The honest limit of these tools
The useful thing about the Ontario audit is that it kills a comfortable assumption: that the good scribes are accurate and only the cheap ones fail. All 20 failed. That means accuracy review is not a vendor-selection problem you can buy your way out of. It is a permanent part of using the category.
This is not an argument against AI scribes. They save real time, and the time saved is worth keeping. It is an argument that the time saved on drafting has to be partly reinvested in review. The 90 seconds you spend on the read-back is the cheapest insurance you will buy all day.
The skill under the tool
The pattern across every briefing in this series is the same. The tool gets faster, more fluent, more confident, and none of that makes it more accurate. What protects the patient and your license is a human who reads what the machine produced with a trained, skeptical eye and knows exactly where these tools tend to break.
That skill is learnable and it does not expire when the next scribe version ships. AI for Physician Notes builds the verify-before-you-sign workflow, including the targeted read-back this audit calls for, and the two minute course quiz will point you to the right starting place for your practice.
Frequently Asked Questions
How bad were the AI scribe errors in the Ontario audit?
Significant and universal. On May 12 to 14, 2026, Ontario's Auditor General reported that all 20 procurement-tested AI scribe systems showed inaccuracies. Specifically, 9 hallucinated content like fabricated referrals or blood-test orders, 12 captured the wrong drug, and 17 missed key mental-health details, even though roughly 5,000 Ontario physicians were already using them.
Does this Ontario audit apply to me if I practice in the US?
It is a Canadian audit, so it is not US law and does not bind your practice. But it is a credible, independent warning about how AI scribes fail as a tool category, and those failure modes are not specific to one country. Treat it as a universal accuracy warning worth acting on regardless of where you practice.
What is the fastest way to catch these errors before I sign?
A targeted read-back of about 90 seconds aimed at the three failure modes.
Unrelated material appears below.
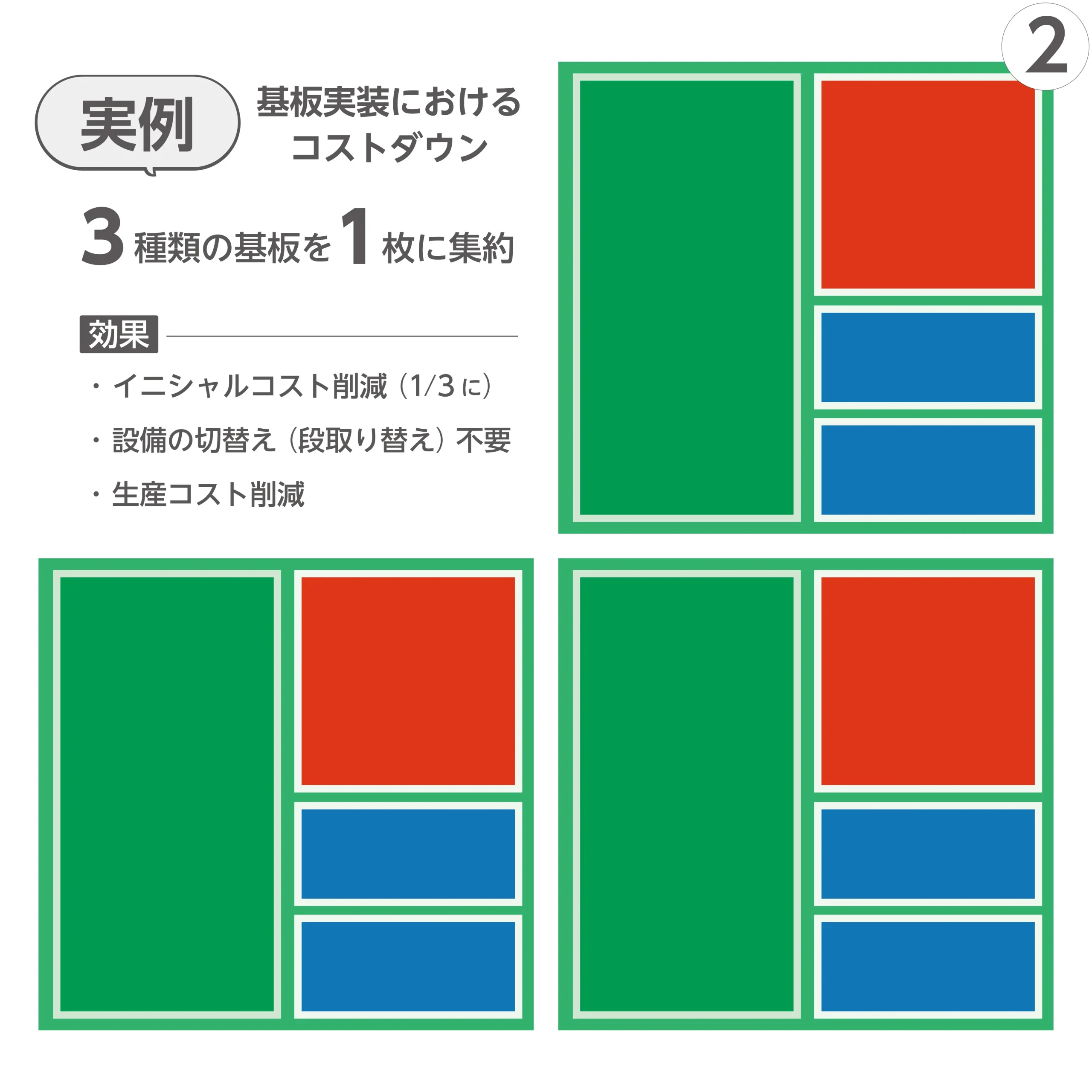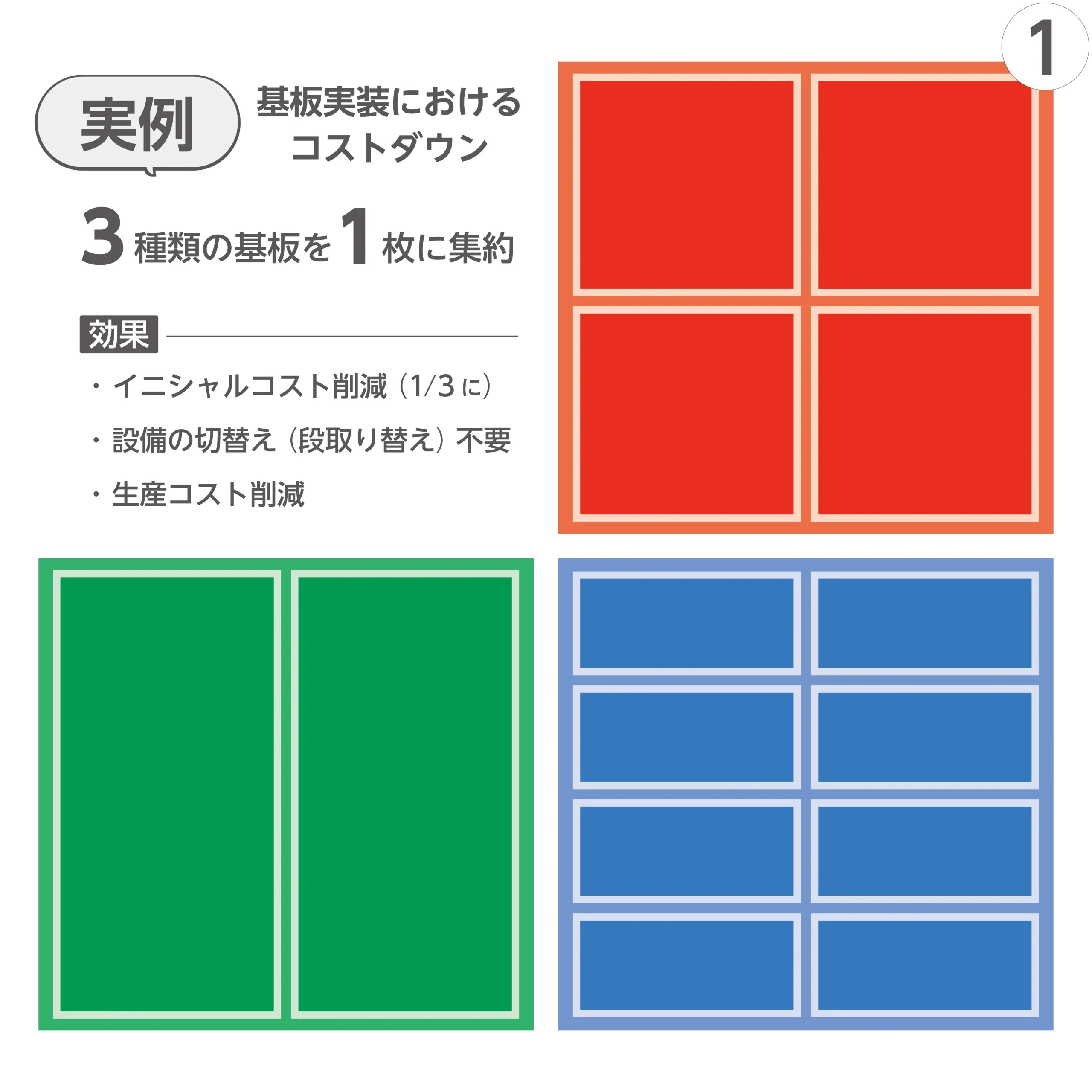 3種類の基板を1枚の基板に集約することで、イニシャル費用を従来の3分の1に。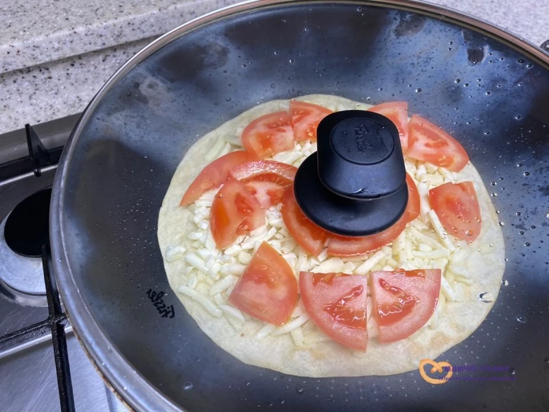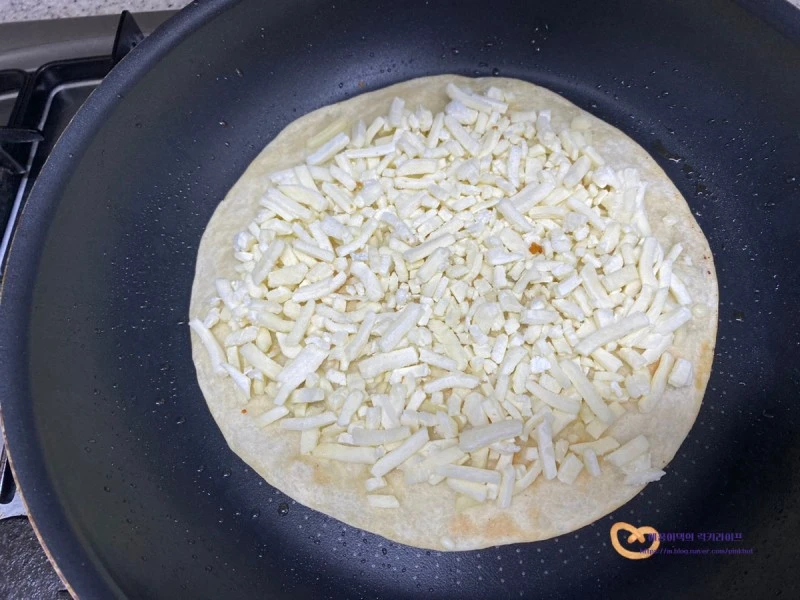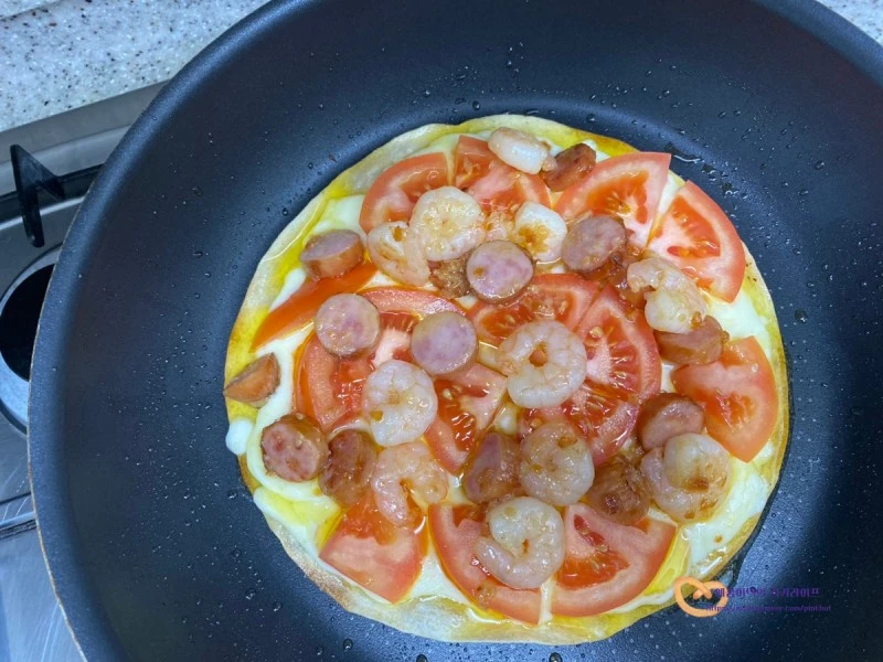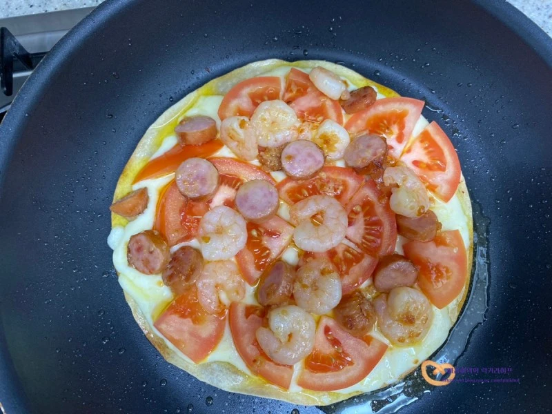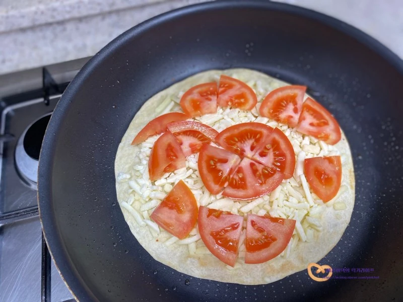 오븐 없이 후라이팬에 또띠아피자 만들기.

Check every drug name against what you actually prescribed, scan for any referral or order and confirm you made it, and verify any mental-health detail is captured accurately. Then read the note once for anything that does not match the visit, and sign.
Is this briefing legal or medical advice?
No. The Leveraged Years is an education company, not a law or medical firm. This is a plain summary of an independent audit and a practical review habit, and tools and findings can change. Treat it as background, and confirm anything affecting your documentation, patient safety, or liability with a qualified professional.